Operator precedence. [] has higher precedence than *, so when you write *p[0] it is the same as (*(*(p + 0))) - you do pointer arithmetic on an array pointer.

Meaning that for example p[1] gives you the address of p + 3*sizeof(int) bytes, which is accessing the array out of bounds.

Correct code should be:

 printf("%d\n", (*p)[0]);
 printf("%d\n", (*p)[1]);
 printf("%d\n", (*p)[2]);

*p[k] is *(p[k]), not (*p)[k].

That you get the expected result for *p[0] can be explained by its being the same as p[0][0], and it doesn't matter which order you put the zeros in.
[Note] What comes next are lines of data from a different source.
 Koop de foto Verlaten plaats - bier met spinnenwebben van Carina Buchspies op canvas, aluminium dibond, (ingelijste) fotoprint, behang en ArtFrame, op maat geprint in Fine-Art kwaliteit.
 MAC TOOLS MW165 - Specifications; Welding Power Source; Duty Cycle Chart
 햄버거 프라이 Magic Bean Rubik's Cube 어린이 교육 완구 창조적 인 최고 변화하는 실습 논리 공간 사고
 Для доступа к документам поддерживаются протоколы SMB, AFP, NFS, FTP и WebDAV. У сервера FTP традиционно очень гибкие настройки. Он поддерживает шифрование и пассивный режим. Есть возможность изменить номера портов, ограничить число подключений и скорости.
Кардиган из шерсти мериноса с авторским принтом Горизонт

p[1][0] (*p[1]), however, is not the same as p[0][1] ((*p)[1]).
(It's even undefined, since p[1] does not exist.)

int (*p)[3]; is an array of pointers to int.
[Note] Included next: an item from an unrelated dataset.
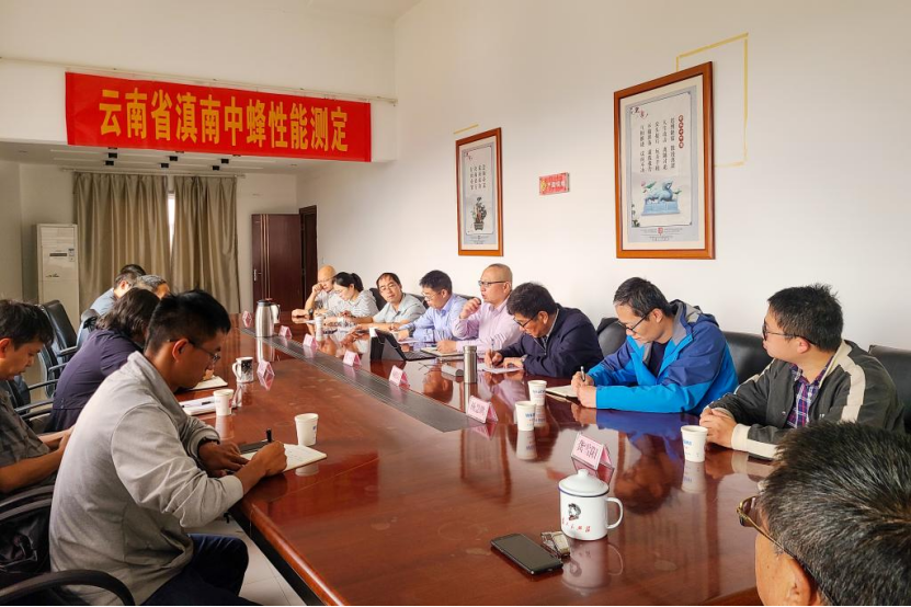 蚕蜂研究所,同所领导和研究人员开展座谈交流,对接和商讨现阶段蜜蜂遗传资源普查工作开展推进情况以及滇南中蜂地方品种保护和开发利用情况。会上专家组就滇南中蜂性能测定相关任务作了安排和交流。蚕蜂所副所长朱建荣表示,将全力协助做好滇南中蜂性能测定,助力全国第三次蜜蜂遗传资源普查工作,为推动我省养蜂事业高质量发展做出更多贡献。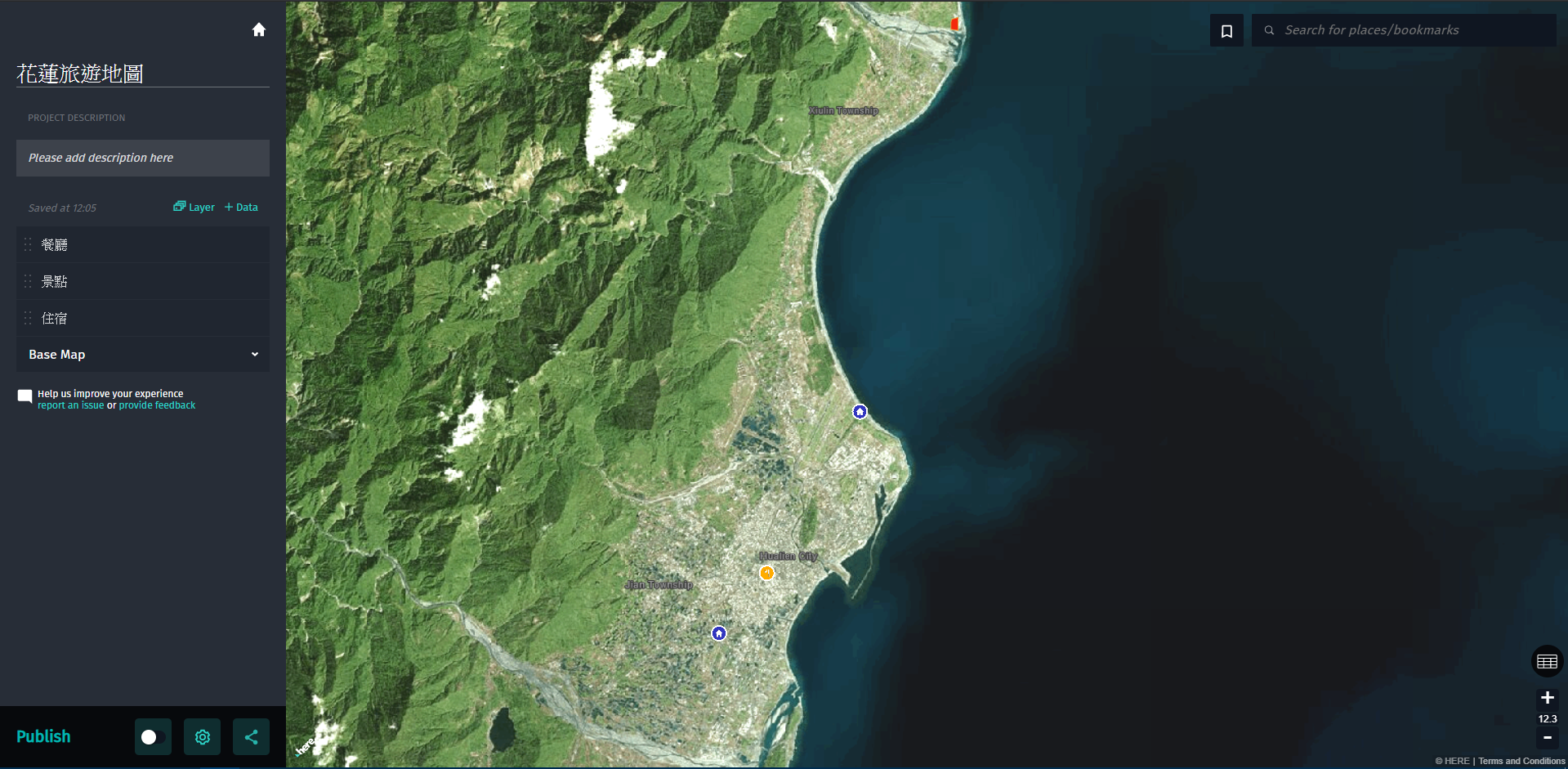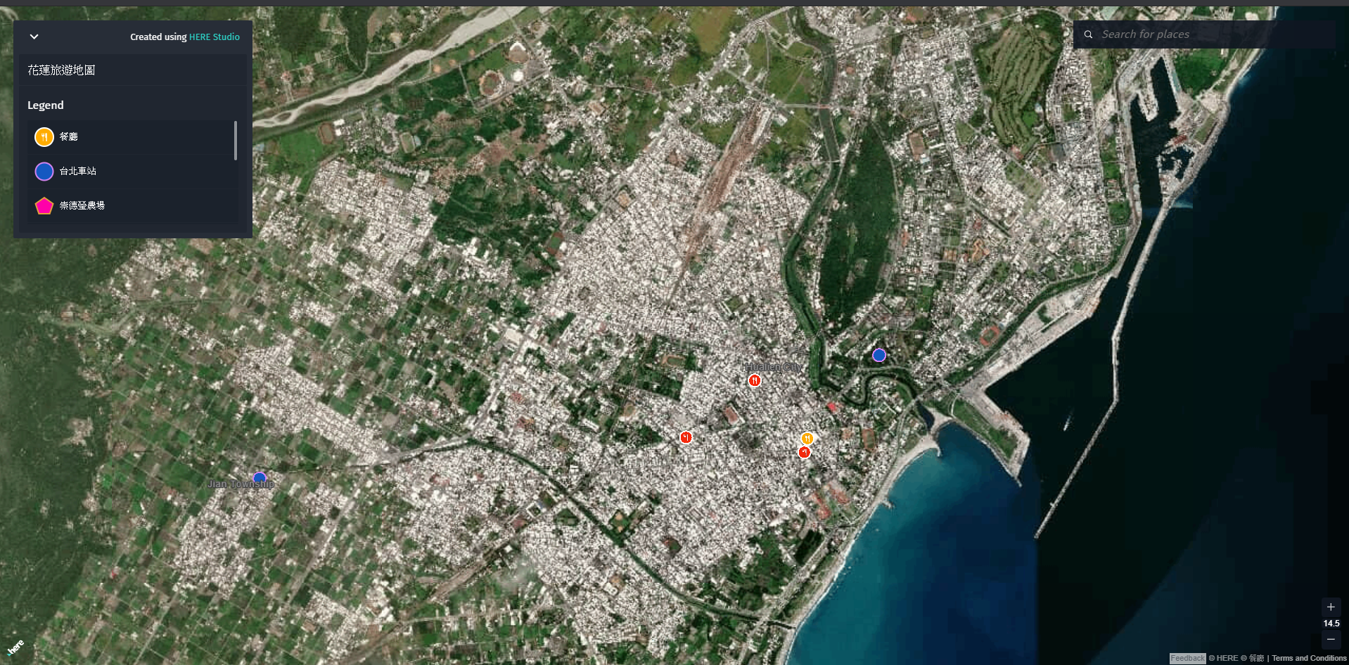假設我們正規畫花蓮三天兩夜的小旅行,希望可以透過HERE Studio來規劃相關景點的旅遊路線,這次我們透過手動方式來完成客製化地圖。

int a[3]={10,11,12}; is an array of int. Arrays and pointers share a lot of properties. You can use array notation for pointers for example.

Lets take a normal pointer int *p = a which is the same as int *p = &a[0]. Now the pointer points to the first element of the array. And you can use it the same way as the array.

 printf("%d\n", p[0]); //10
 printf("%d\n", p[1]); //11
 printf("%d\n", p[2]); //12

What you did was getting the address of the array-"pointer" this yields the address of the first element of the array. Because &a == a

This gets written to the first element of your pointer array leaving you with

p[0] == a
p[1] == unknown
p[2] == unknown

by doing *p[0] you get the first element of p (p[0]) and dereference it *. This is the same as *a or a[0].

But by doing *p[1] you get to an unkown memory location(p[1]) and derefence it *. This is undefined behaviour.